<<<<
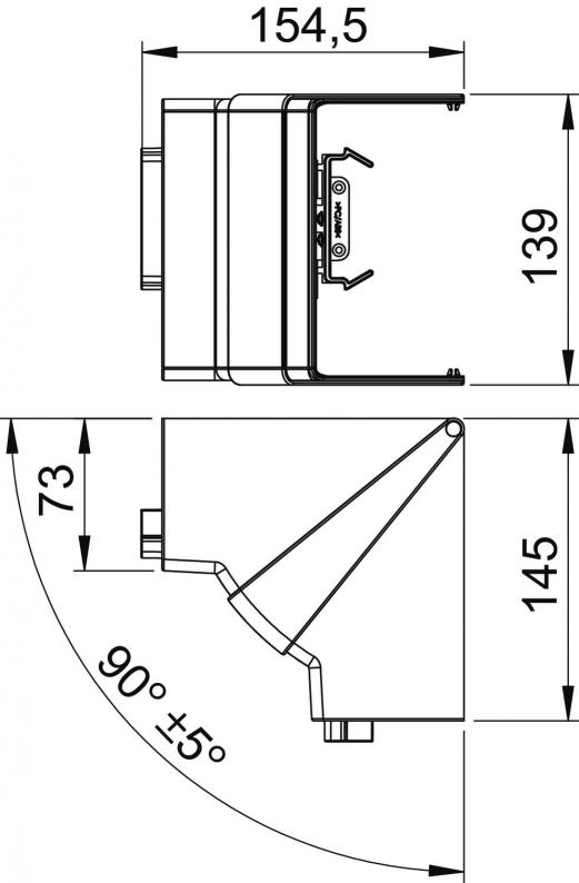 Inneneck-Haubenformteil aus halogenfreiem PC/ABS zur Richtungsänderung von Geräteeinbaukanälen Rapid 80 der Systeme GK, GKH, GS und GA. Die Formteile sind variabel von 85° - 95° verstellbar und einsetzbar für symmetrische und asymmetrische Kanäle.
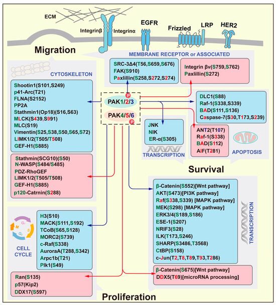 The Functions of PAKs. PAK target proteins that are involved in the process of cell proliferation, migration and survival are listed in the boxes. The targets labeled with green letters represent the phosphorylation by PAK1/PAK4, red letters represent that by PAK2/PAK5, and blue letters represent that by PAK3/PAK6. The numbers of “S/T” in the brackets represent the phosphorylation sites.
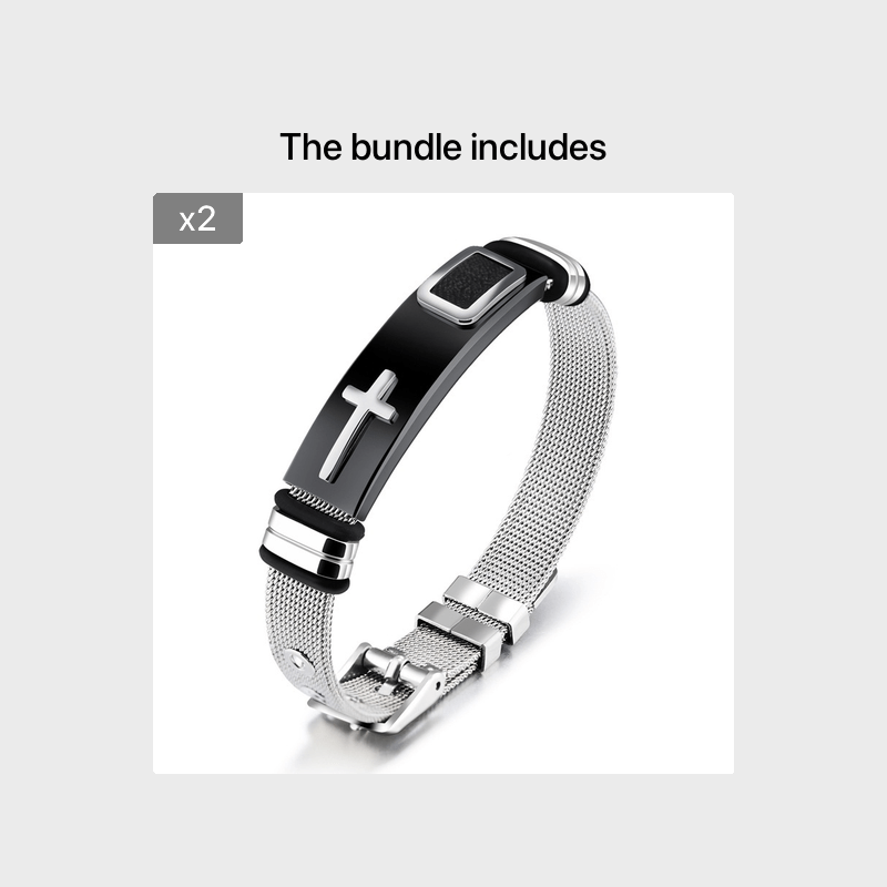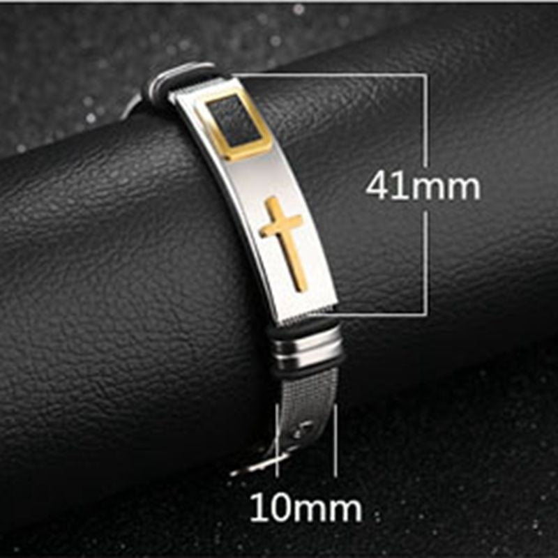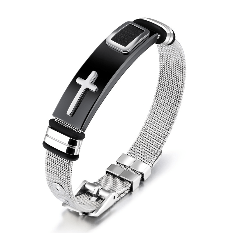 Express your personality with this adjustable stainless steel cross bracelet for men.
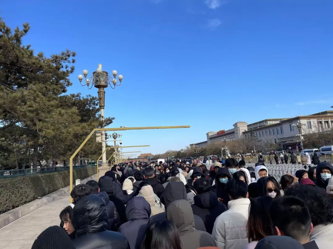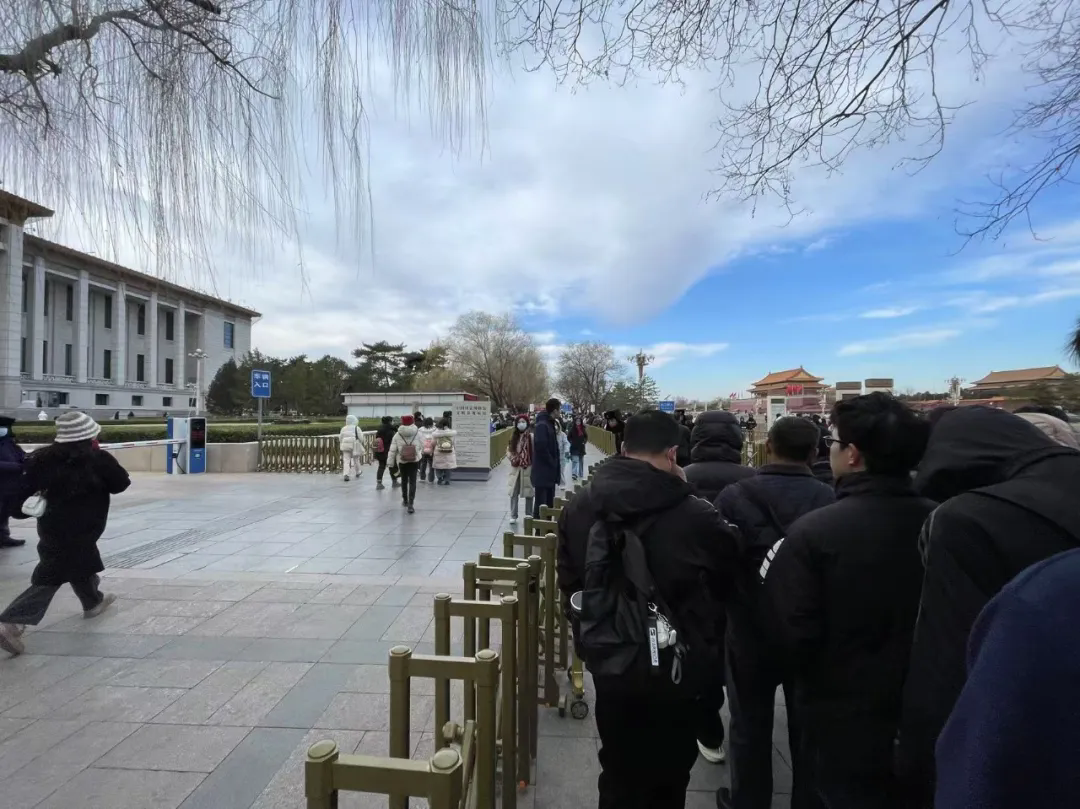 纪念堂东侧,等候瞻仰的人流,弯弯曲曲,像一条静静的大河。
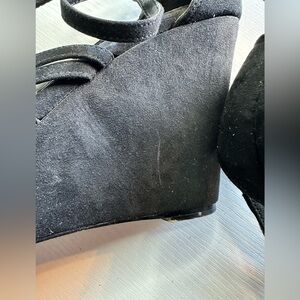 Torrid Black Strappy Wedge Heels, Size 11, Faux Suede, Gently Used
>>>>
● EXERCISE PROMPT: Give the records back verbatim, pictures excluded.

● OUTPUT OF THE EXERCISE:
 Inneneck-Haubenformteil aus halogenfreiem PC/ABS zur Richtungsänderung von Geräteeinbaukanälen Rapid 80 der Systeme GK, GKH, GS und GA. Die Formteile sind variabel von 85° - 95° verstellbar und einsetzbar für symmetrische und asymmetrische Kanäle.
 The Functions of PAKs. PAK target proteins that are involved in the process of cell proliferation, migration and survival are listed in the boxes. The targets labeled with green letters represent the phosphorylation by PAK1/PAK4, red letters represent that by PAK2/PAK5, and blue letters represent that by PAK3/PAK6. The numbers of “S/T” in the brackets represent the phosphorylation sites.
 Express your personality with this adjustable stainless steel cross bracelet for men.
 纪念堂东侧,等候瞻仰的人流,弯弯曲曲,像一条静静的大河。
 Torrid Black Strappy Wedge Heels, Size 11, Faux Suede, Gently Used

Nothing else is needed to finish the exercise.